Tacos El Gordo was on Avenida Constitución in the nightlife district. A revolving police-style light on the sidewalk stand threw whirls of red across the scene. Neon glowed, music pounded in the curtained doorways of nightclubs. Encircling the taco stand were families with kids bundled against the evening chill, cholos in hooded sweatshirts, uniformed cops. All devouring food or watching the taco man work his magic, his dark artful hands chopping and slicing with controlled violence. Méndez spotted Athos and two officers spreading their feast on the hood of a car.
“Come on,” Méndez said, sweeping open the car door for Puente. “Let’s go hear about the adventures of your Agent Valentine.”
3
VALENTINE PESCATORE SAT in the sun with his back to the wall, drowning his sorrows in a Woptown feast.

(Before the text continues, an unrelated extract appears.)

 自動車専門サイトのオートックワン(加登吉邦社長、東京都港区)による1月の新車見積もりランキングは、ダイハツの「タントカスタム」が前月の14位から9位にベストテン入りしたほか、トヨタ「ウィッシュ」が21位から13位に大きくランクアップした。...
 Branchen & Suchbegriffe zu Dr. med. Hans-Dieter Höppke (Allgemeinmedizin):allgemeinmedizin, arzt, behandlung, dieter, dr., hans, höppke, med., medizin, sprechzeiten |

He occupied a table on the sidewalk outside his favorite joint on India Street. He had eaten an Italian beef sandwich with hot peppers, a slice of Sicilian pizza and a cannolo, accompanied by three beers. Now he was having his second espresso to counteract the effect of the beers. He needed to stay sharp.

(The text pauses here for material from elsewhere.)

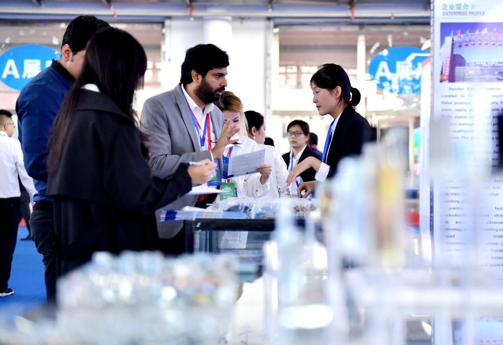 2024年10月10日,采購商(中)在2024年中國(guó)·永年緊固件基地國(guó)際采購大會(huì)現(xiàn)場(chǎng)了解緊固件產(chǎn)品信息。新華社記者 王曉 攝

Little Italy was his private refuge in San Diego, fifteen miles from the border and a world away from The Patrol. Compared with his Taylor Street neighborhood in Chicago, it was tiny. The surviving Italians clung to a few blocks of India Street and a church around the corner. Little Italy was a skeleton, a movie-set streetfront. But he liked the Sicilian bakery, the barber- and butcher shops, the mix of old-school eateries and sleek new establishments for the lunch crowd from the downtown office towers. He liked the fact that the owners were Italian but most of the workers behind the counters were Mexican. Despite his Italian last name, he spoke only the language of the workers. He liked the graffiti of the local Mexican-American gang. They called themselves Woptown. They sprayed the name on the white walls and cement stoops of three-story walk-ups that reminded him of home.
One afternoon he had passed a faded storefront on India Street. Glancing through the open door, he had spotted half a dozen old-time ginzos in folding chairs playing cards at a table in a carpeted, otherwise empty room. A handwritten sign taped in the window read S.D. ITALIANAMERICAN CLUB. The scene recalled the social club where his uncles hung out in Chicago.
The next time he went by the place, the shutters were down. The sign was gone. He never saw any of the old-timers again. He began to think that it had been an urban mirage. Or a dream.
He wished the past two days had been a dream. But the bandages on his forehead and his left hand were real. He entertained notions of getting in his car and hitting the interstate. He wondered how long his ten-year-old Impala, formerly property of the Chicago Police Department and complete with spotlight and monster engine, would hold up. Probably not long. The FBI and Office of Inspector General would track him down at some desert gas station and pile on additional charges for running away.
The only bright spot was that he had attained renegade-hero status at Imperial Beach station. Until the Tuesday-night incident, he had been considered a loner who talked funny-in English and Spanish-and hung out with Garrison’s outlaw clique, causing most agents to keep their distance. That changed dramatically after the Pulpo incident. No one said anything out in the open. But he got furtive handshakes and exultant comments from agents such as Galván, who was always trying to set up fellow PAs with a visiting female cousin from Guadalajara.